STARNEWSID.COM, PINRANG — Rumah Tahanan Negara (Rutan) Kls llB Pinrang Provinsi Sulawesi Selatan (Sulsel), adakan sosialisasi kepada seluruh warga binaan, terkait impelementasi Undang-Undang Nomor 22 Tahun 2022 tentang Pemasyarakatan (UU PAS), Sabtu 27 Agustus 2022.
Hal Ini merupakan tindak lanjut arahan dari Direktur Jenderal Pemasyarakatan tertanggal 22 Agustus 2022. Kegiatan dipimpin langsung Kepala Rutan (Karutan) Kls IIB Pinrang, Wahyu Trah Utomo, didampingi Kepala Sub Seksi Pelayanan Tahanan (Yantah), Rusdin dan dihadiri semua warga binaan Rutan Kls llB Pinrang.

“Doa kita semua terkabul, akhirnya PP 99 tidak lagi berlaku, semua Warga Binaan sudah bisa memperoleh haknya tanpa terkecuali, berkas-berkas yang sebelumnya mempersulit sudah dihapuskan, sehingga siapapun bisa memperoleh haknya dengan mudah, baik itu hak remisi maupun integrasi,” terang Wahyu.

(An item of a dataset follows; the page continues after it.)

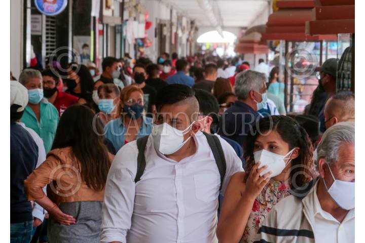 TOLUCA, ESTADO DE MÉXICO, 14MARZO2021.- Fin de semana largo y gente aprovechó para salir a realizar compras o pasear en los Portales de Toluca, el Estado de México continúa en semáforo naranja durante la contingencia por COVID-19 y a partir de este lunes 15 de marzo pequeños negocios, centros comerciales, tiendas departamentales , cines y espacios culturales ampliarán su aforo al 40 por ciento y las instituciones de educación superior y media superior podrán retomar algunas actividades. FOTO: CRISANTA ESPINOSA AGUILAR /CUARTOSCURO.COM

“Kita sudah berkomitmen untuk memenuhi semua hak-hak saudara, itu artinya, kewajiban saudara juga harus kalian penuhi, jangan menuntut hak, kalau kewajiban kalian tidak dipenuhi” tegas Karutan.


“Intinya, bapak ibu hanya perlu mengikuti pembinaan dengan baik, hak remisi dan integrasi, otomatis kalian dapatkan secara gratis tanpa ada pungutan apapun,” terangnya.
Lain halnya yang disampaikan oleh Anaruddin, selaku Operator Sistem Database Pemasyarakatan (SDP), bahwa semua Warga Binaan yang terkait PP 99 dalam proses pencatatan untuk diinventarisir data-data yang telah lewat 2/3 masa pidananya.